Do'aku Smoga Kalian Selamat...

Pada tahun 1997 an saya bekerja pada Perusahan Jepang di wilayah Cilegon. Suatu malam kira-kira jam 9 an sehabis makan malam, saya bersama seorang rekan kerja pulang naik angkot ke arah Merak untuk kembali ke Mes Perusahaan tempat kami tinggal. Di depan persimpangan
Polres Cilegon, angkot yang kami tumpangi di stop oleh seorang Bapak yang sedang menggendong anak umur 2 tahunan sambil menuntun 2 orang anak lainnya kira-kira usia 5 dan 7 tahun semuanya anak perempuan. Penampilan semuanya sangat lusuh, anak terkecil tidak pakai sandal sedang yang lainnya pakai sandal jepit yang sudah kotor.

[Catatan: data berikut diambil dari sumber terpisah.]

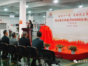 2019年11月18日,以“奮進(jìn)十一載 · 卓越創(chuàng)未來”為主題的奧蘭克泵業(yè)第50萬臺高溫泵下線儀式,在奧蘭克生產(chǎn)車間隆重舉行
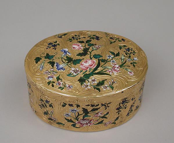 | 介绍(英) | In eighteenth-century Europe, Paris led the production of high-quality luxury goods. Parisian goldsmiths made a wide range of small, personal articles such as snuffboxes; étuis to hold sealing wax, tweezers, or utensils for sewing; souvenirs, which contained thin ivory tablets for note taking; and shuttles for knotting lace. Gold snuffboxes and boxes decorated with portrait miniatures were prized and frequently given as royal gifts, often to ambassadors or members of the court in lieu of cash payments for their services. Coveted and admired, these boxes were produced from a variety of materials. The best were skillfully made of gold and embellished with diamonds, enameled decoration, lacquer, and other luxurious materials. By the middle of the century, the taking of snuff had become an entrenched social ritual, and the snuffbox, too, had become an important social prop. Snuffboxes were considered highly fashionable accessories, with some merchants advertising new boxes with each change of season. The popularity of snuffboxes extended to all levels of society, and for those who could not afford gold, boxes were produced in less expensive materials such as silver, tortoiseshell, porcelain, or domestically produced lacquer.
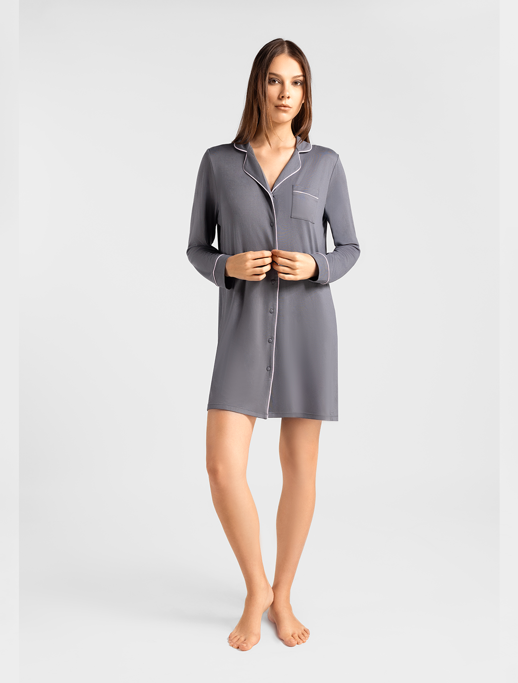 A new addition to our nightwear collection, this pajama dress chemise is effortlessly soft and elegantly simple. Available in two timeless colors, it offers a relaxed fit for all-night comfort and understated charm.
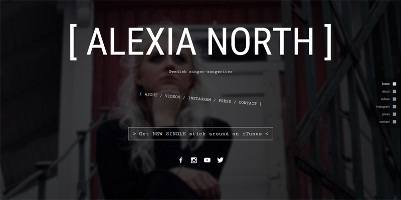 Utvecklar och underhåller webbsida för artisten Alexia North.
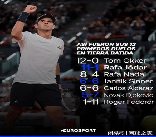 此外,闖過豐塞卡這道關后,霍達爾還創造了一項了不起的成就。在職業生涯迄今參加的前12場紅土巡回賽上,他豪取11場勝利,只輸了一場,在這項數據方面直接超過了西班牙傳奇納達爾當時創下的8勝4負,僅次于現在排在首位的湯姆奧克,在這份榜單上硬生生將老大哥納達爾擠到了第三位。

Ketika angkot berhenti Bapak tsb tidak langsung naik tetapi melongok ke sopir sambil memperlihatkan berapa jumlah uang yang dia miliki, saya yang duduk dibelakang sopir melihat kejadian itu walaupun tidak tahu pasti berapa banyak uang recehan 100 rupiaan yang dia tunjukkan ke sopir, perkiraan saya sekitar Rp 600, padahal normalnya satu orang harus bayar minimal Rp 1000. Bapak tsb minta izin ke sopir untuk naik angkot walaupun dengan ongkos seadanya. Melihat uang kurang, sopir tidak memperkenankan Bapak itu naik dan hendak maju lagi, saya terperanjat dan berteriak Stop-stop... langsung bilang sama sopir, tolong Bapak dan anaknya dibawa, biar saya yang bayar ongkosnya.

Sambil masuk mobil, Bapak tadi mengucapkan terimakasih, lalu duduk di dekat pintu sambil menggendong 2 anak karena yang satunya saya gendong, selanjutnya dia hanya tertunduk mungkin malu sama penumpang lain yang kebetulan memang angkot sudah terisi penuh. Menyaksikan semua itu saya bergetar, dan naluri saya berkata orang ini pasti sedang membutuhkan pertolongan. Dalam perjalanan saya coba tanya dengan nada simpati, malam-malam begini Bapak mau pergi kemana? Dia jawab: saya mau pergi ke Pasar merak. Kok malam-malam, emang Bapak mau belanja apa? Jawabnya : Bukan, saya mau cari truk sayur, rencananya saya ingin menumpang truk untuk pulang kampung ke Sukabumi.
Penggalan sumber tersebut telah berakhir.